You know, two weekends ago, or last weekend, actually, and as we're recording this, we're talking about the last weekend in January, Bitcoin cratered from the high 80s to the high 70s very quickly. And many people thought that that was the very end.
But then Bitcoin proceeded on a random Thursday to dump by 14%, which is one of the largest percentage drawdowns over the last couple of years. It's the largest percentage drawdown since the 2022 bear market. In absolute terms, it's the largest drawdown in Bitcoin's history, which just makes sense. The first ever time that we've had a $10,000 candle in Bitcoin's history. So if people weren't positioned properly, then absolutely some bodies will float to the surface.

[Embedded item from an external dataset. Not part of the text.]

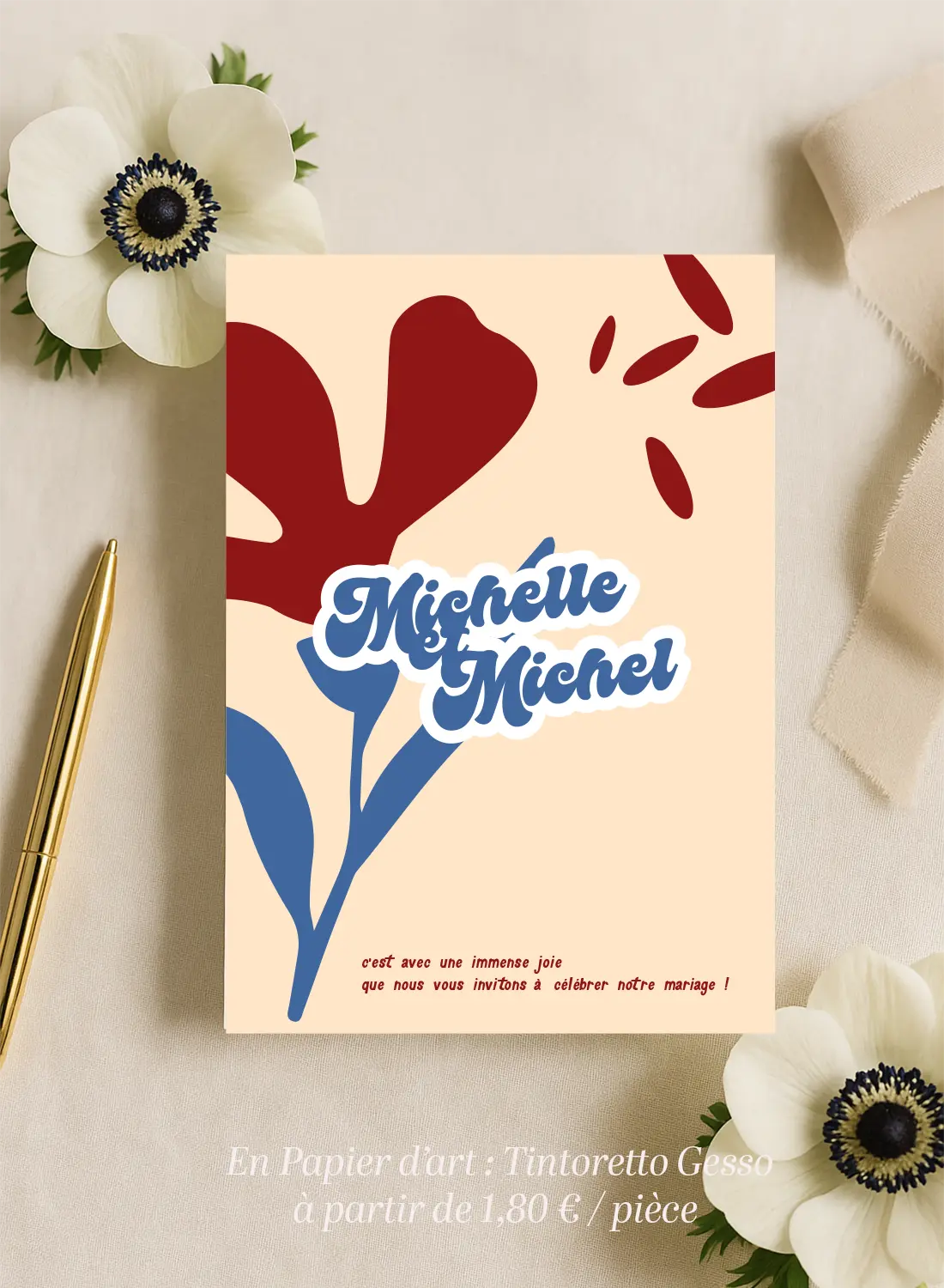 Le papier haut de gamme, les teintes chaleureuses et le graphisme floral stylisé créent une ambiance forte et joyeuse, parfaite pour un mariage qui vous ressemble.

There'll be some forced selling. We'll see news about different exchanges having to close their doors. But that's something that you learn after the fact. So we'll see. There's always a load of sort of rumors flying around on Twitter or speculation flying around on Twitter, I probably should say, about like the treasury companies and things. Do you think they're all going to weather this storm? Okay, because really the only company that's been through anything like this, I believe is strategy.
I don't remember exactly when MetaPlanet spun up. But most of the treasury companies, this is the first real drawdown they've seen. Do you think they're all going to be positioned okay and survive? That's a really good question. It all boils down to capital structure, right? If they were able to acquire their leverage in such a way where they could weather an 80% drawdown on Bitcoin, I think that's the stress test, then they'll be okay.
Like strategy, for example, it's managed to pay off all of, if not most of its convertibles, I'm pretty sure, and they just have the preferreds as their form of financing for their Bitcoin purchases. and that has a duration of infinity, right? There's no fixed date at which that becomes due because it doesn't come due. So strategy will be okay, right? They've been here before. They started buying in 2020. They weathered the drop from, you know, $69,000 all the way to 16.
So I think they'll be okay. Metaplanet, I'm pretty sure they started their Bitcoin strategy in early 2024 and then they brought Dylan on in like April or May of that year. And so it remains to be seen, right? Time will tell. I know they had been buying pretty persistently all the way up to the top. Now, of course, we're about 50% down from the top. So it remains to be seen. I know we saw sequins, for instance, sell a great deal of their Bitcoin.
So you're starting, and that was back in earlier last year, not earlier last year, but late Q2, early Q3 of last year. So you're already seeing some selling. I think the ones that hold tough will be the ones that have good capital structure, right? Those who have liquidation levels that are far lower than where Bitcoin's price is currently. Saifedean had a pretty good quote on this.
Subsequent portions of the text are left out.